▶ **PROBLEM DETAILS**: Write out exactly, excluding pictures, the lines from the one containing "この時期は「日中でも10〜1" through the end of the data, both included.

▶ **Data items**:
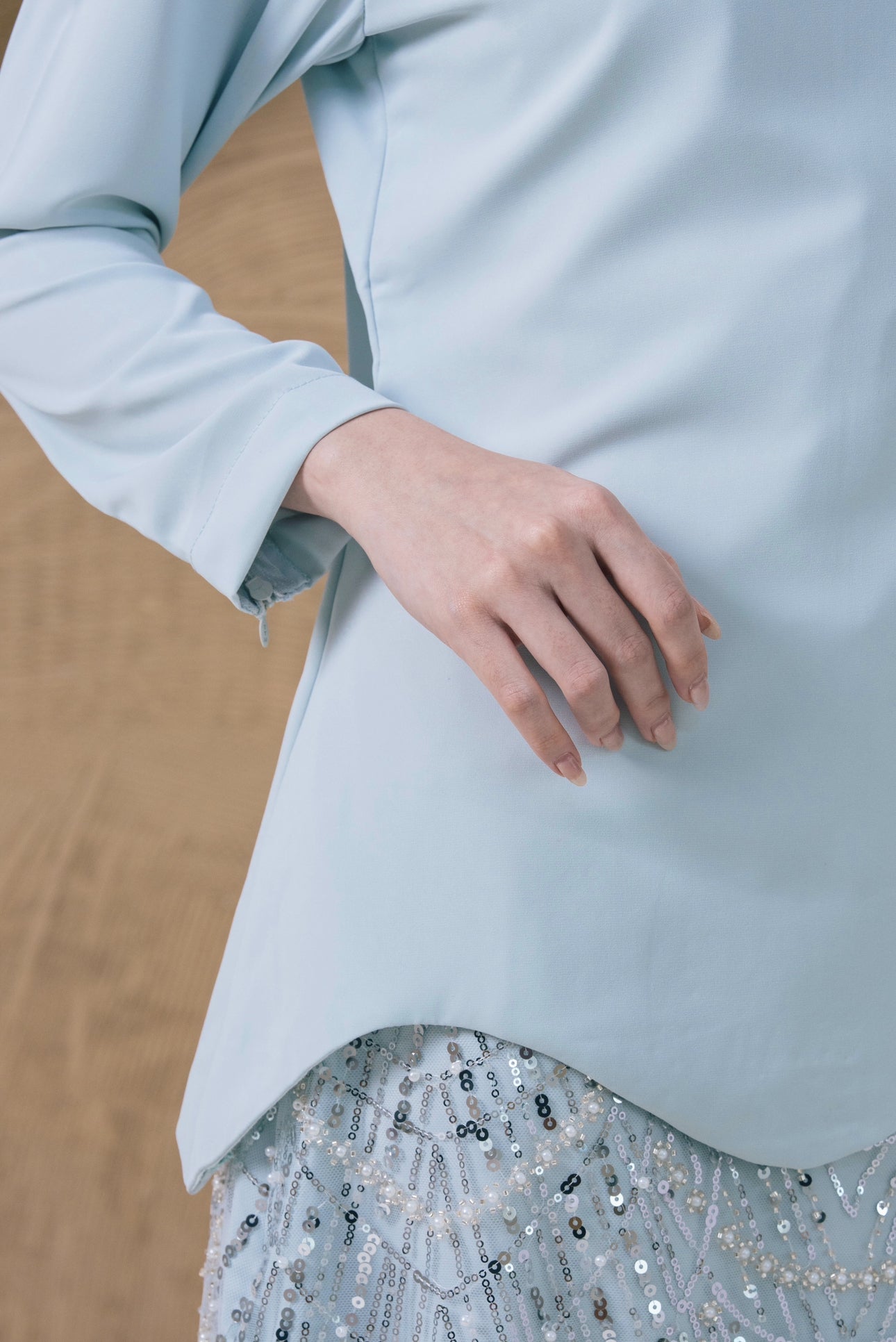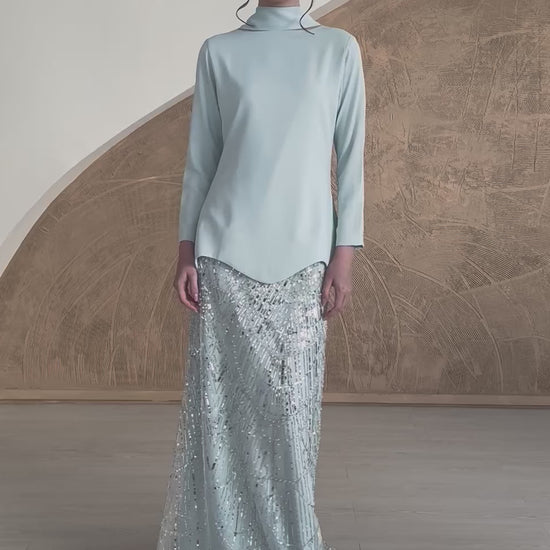 Soft and dreamy, the Soraya Embellished Kurung Set in Silver Sage Lattice is a three-piece ensemble that embodies understated beauty. The top features a wavy hem that flows effortlessly, adding a graceful touch to the design. The A-line skirt is adorned with intricate embellishments, bringing a refined yet playful charm to the set. Choose between two stunning skirt designs—the geometric Lattice or the delicate Flora—each offering its own unique allure. The matching neck sash ties the look together, creating a polished and elegant finish.
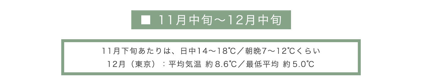この時期は「日中でも10〜15℃前後/朝晩5〜10℃前後」と、冷え込みがはっきりしてきます。この時期におすすめなのは中厚〜やや厚めのニットを選ぶと安心です。ウール混・アルパカ混などの暖か素材を意識するのが◎。
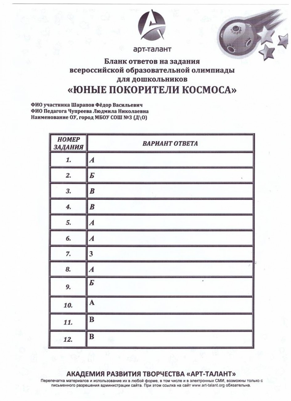 Шарапов Фёдор Васильевич, МБОУ СОШ №3 (д\о) Одинцово
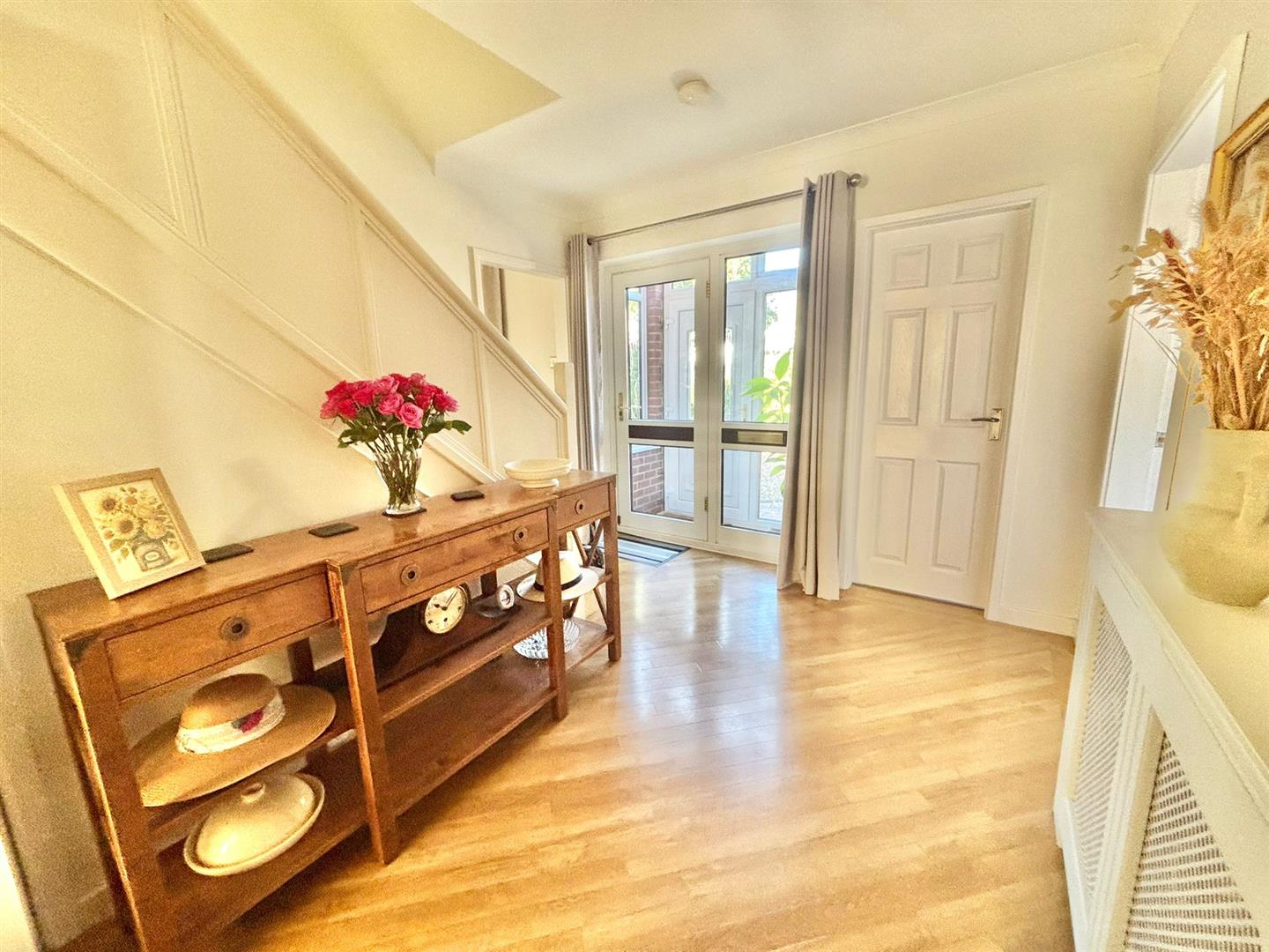 Entrance door, staircase to first floor with understairs cupboard, Amtico flooring, coving to ceiling and radiator.
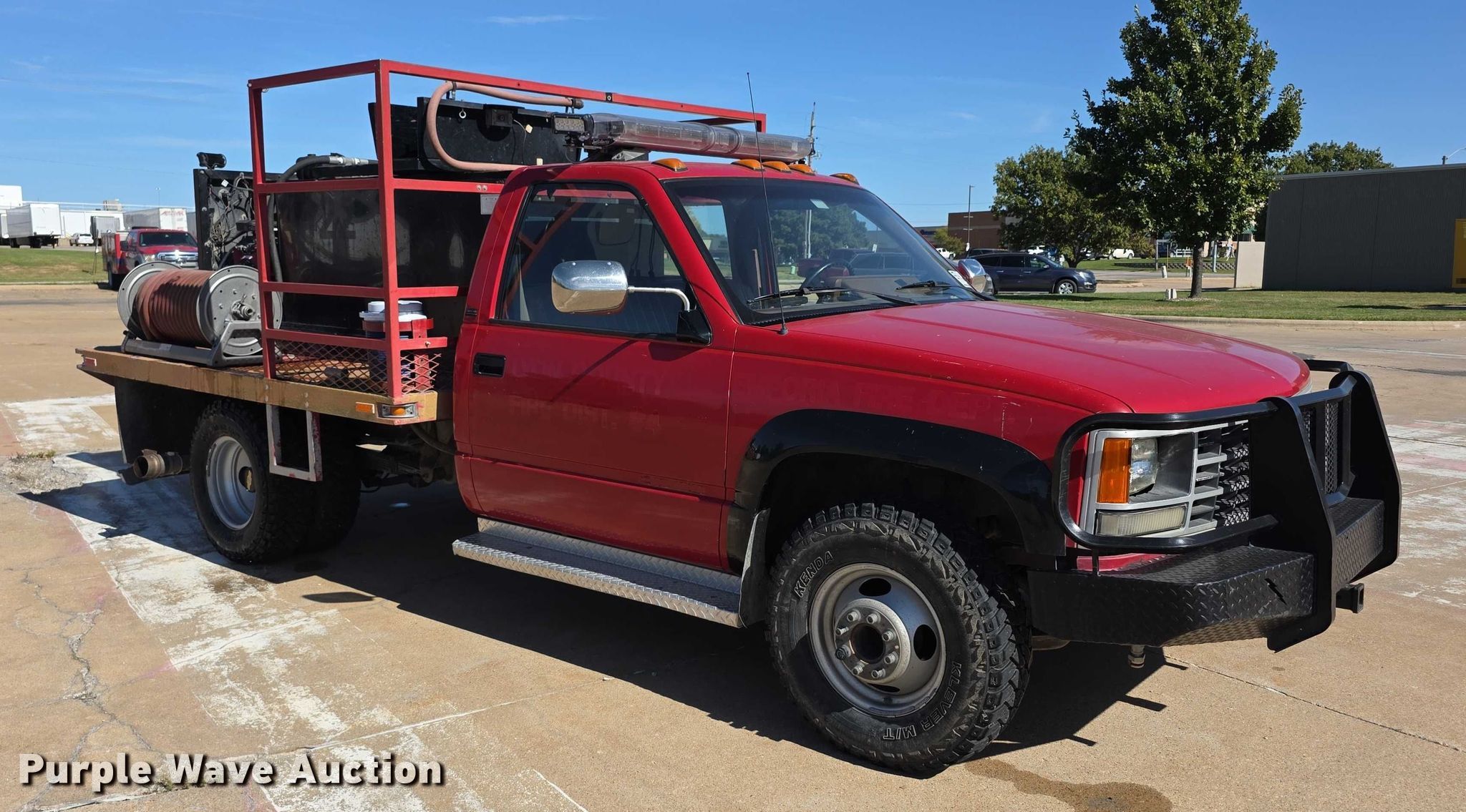 Purple Wave is selling a used Fire Truck or Emergency Vehicle in Kansas. This item is a 1991 Chevrolet Cheyenne 3500 brush fire truck with the following: Miles: 42,132 on odometer, VIN: 1GBJK34N1ME137502, Unit #: 4422
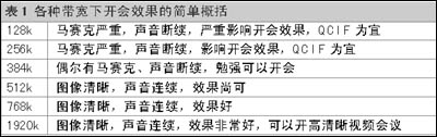 表1各種帶寬下開會(huì)效果的簡(jiǎn)單概括
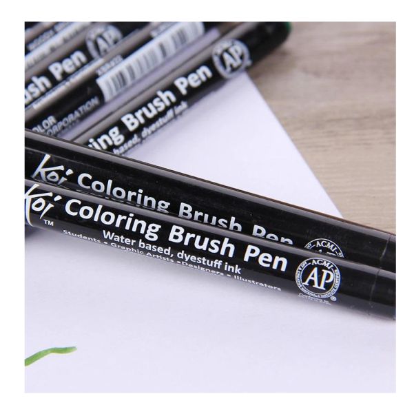 With flexibility in a brush and accuracy in a marker, the Sakura Koi Coloring Brush Pen Set produces delicate lines and powerful strokes effortlessly. This set provides a full range of vivid colors, adjustable nylon brush tips ideal for coloring, lettering, and illustrating. Perfect for beginning and expert artists seeking depth and dimension in their work, water-based ink flows freely and has no scent.
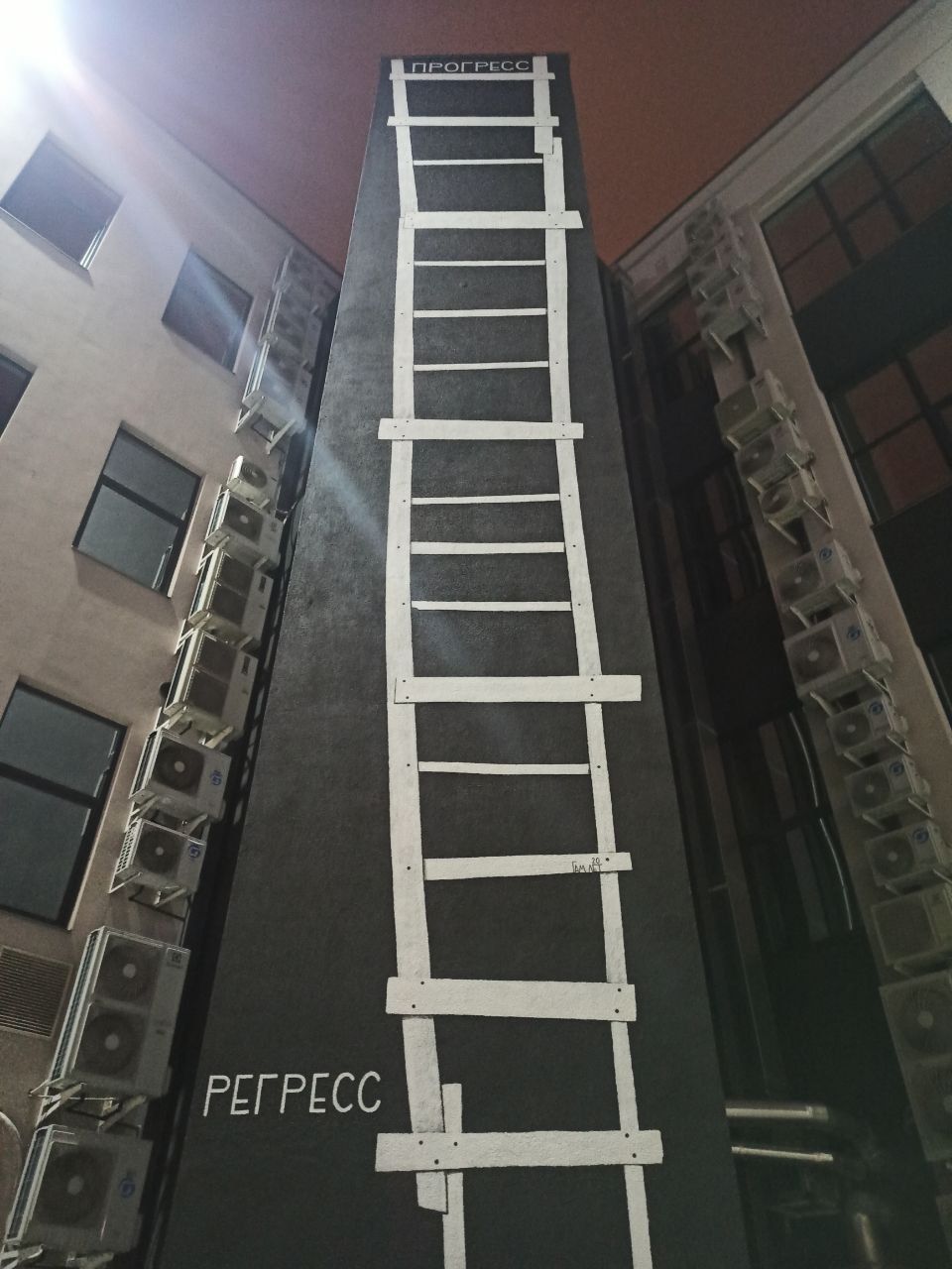 Их сопровождают философские подписи: «Фундаментальная неустойчивость пьедестала», «Риба не вміє падати. Ми – теж», «Регресс-прогресс».

▶ **RESULT OF THE TASK**:
この時期は「日中でも10〜15℃前後/朝晩5〜10℃前後」と、冷え込みがはっきりしてきます。この時期におすすめなのは中厚〜やや厚めのニットを選ぶと安心です。ウール混・アルパカ混などの暖か素材を意識するのが◎。
 Шарапов Фёдор Васильевич, МБОУ СОШ №3 (д\о) Одинцово
 Entrance door, staircase to first floor with understairs cupboard, Amtico flooring, coving to ceiling and radiator.
 Purple Wave is selling a used Fire Truck or Emergency Vehicle in Kansas. This item is a 1991 Chevrolet Cheyenne 3500 brush fire truck with the following: Miles: 42,132 on odometer, VIN: 1GBJK34N1ME137502, Unit #: 4422
 表1各種帶寬下開會(huì)效果的簡(jiǎn)單概括
 With flexibility in a brush and accuracy in a marker, the Sakura Koi Coloring Brush Pen Set produces delicate lines and powerful strokes effortlessly. This set provides a full range of vivid colors, adjustable nylon brush tips ideal for coloring, lettering, and illustrating. Perfect for beginning and expert artists seeking depth and dimension in their work, water-based ink flows freely and has no scent.
 Их сопровождают философские подписи: «Фундаментальная неустойчивость пьедестала», «Риба не вміє падати. Ми – теж», «Регресс-прогресс».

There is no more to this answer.